Default display should be :1
You can check this with the command:
env | grep DISPLAY
You should make sure your proxy settings (if required) are configured correctly, since incorrect configured proxies can cause ChromeDriver to not work properly. Since ChromeDriver takes the proxy settings from the env variable, you can set or unset the proxies as you wish (Remove them if you’re running tests on local machines):
unset http_proxy unset https_proxy
Or:
export http_proxy=10.0.x.x export https_proxy=10.0.x.x
You could also add the proxy settings via chrome_options or desired_capabilities for Firefox:
# Firefox: myProxy = "10.0.x.x:yyyy" proxy = Proxy({ 'proxyType': ProxyType.MANUAL, 'httpProxy': myProxy, 'ftpProxy': myProxy, 'sslProxy': myProxy, 'noProxy': '' }) driver = webdriver.Firefox(proxy=proxy) # Chrome: myProxy = "10.0.x.x:yyyy" chrome_options = webdriver.ChromeOptions() chrome_options.add_argument('--proxy-server=%s' % myProxy )
Update chrome to its latest version to be compatible with the latest ChromeDriver binary.
Use this command:
yum update google-chrome
Download ChromeDriver and copy to your folder of choice:
cd /home/dev wget https://chromedriver.storage.googleapis.com/2.35/chromedriver_linux64.zip unzip chromedriver_linux64.zip
And run your script of choice:
from selenium import webdriver # Option 1 - with ChromeOptions chrome_options = webdriver.ChromeOptions() chrome_options.add_argument('--headless') chrome_options.add_argument('--no-sandbox') # required when running as root user. otherwise you would get no sandbox errors. driver = webdriver.Chrome(driver_path='/home/dev/chromedriver', chrome_options=chrome_options, service_args=['--verbose', '--log-path=/tmp/chromedriver.log']) # Option 2 - with pyvirtualdisplay from pyvirtualdisplay import Display display = Display(visible=0, size=(1024, 768)) display.start() driver = webdriver.Chrome(driver_path='/home/dev/chromedriver', service_args=['--verbose', '--log-path=/tmp/chromedriver.log']) # Log path added via service_args to see errors if something goes wrong (always a good idea - many of the errors I encountered were described in the logs) # And now you can add your website / app testing functionality: driver.get('https://python.org') print(driver.title) # driver.click...

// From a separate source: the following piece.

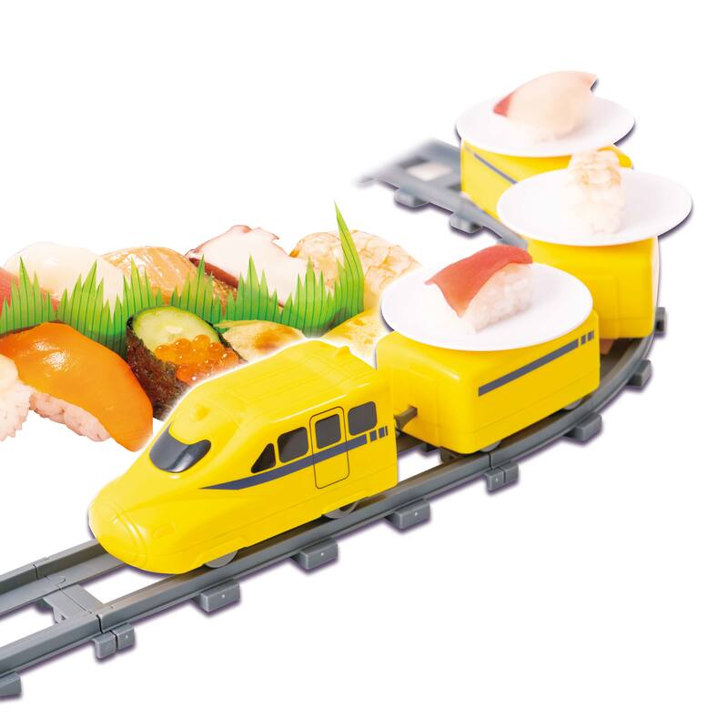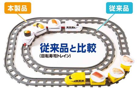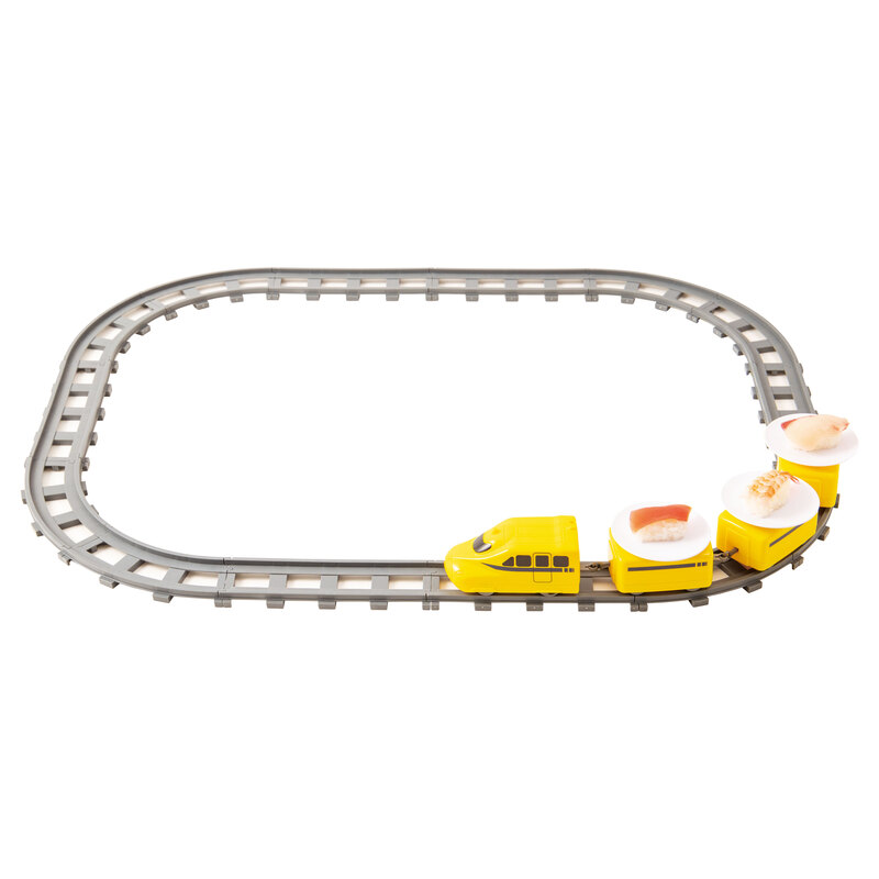 『回転寿司トレイン』は、2015年に発売以降、これまでに13万台以上を販売したライソン株式会社のヒットシリーズです。従来品は白いトレインが全長159㎝のレールを走りますが、お客様のご要望にお応えし、新製品の車体はイエロー、レールも234㎝に長くなりました。

Add the code to a test.py file, and run it:
python test.py
What is your experience running remote Linux servers with Chrome Headless? Please share in the comments below!

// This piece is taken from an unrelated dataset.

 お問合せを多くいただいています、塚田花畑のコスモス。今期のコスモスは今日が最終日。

This was so helpful thank you for sharing!!
I did find that with using chromedriver 2.38 on OS X the section for
driver = webdriver.Chrome(driver_path=’/home/dev/chromedriver’, chrome_options=chrome_options,
service_args=[‘–verbose’, ‘–log-path=/tmp/chromedriver.log’])
worked with executalble_path
driver = webdriver.Chrome(executable_path=’/home/dev/chromedriver’, chrome_options=chrome_options,
service_args=[‘–verbose’, ‘–log-path=/tmp/chromedriver.log’])
Hello
I am using Python 3.6.8 and while testing the provided solution in Option 1 found an issue: the option `driver_path` does not exist. I looked up the webdriver class file for chrome and turns out it is called `executable_path`. Changing this fixed the issue.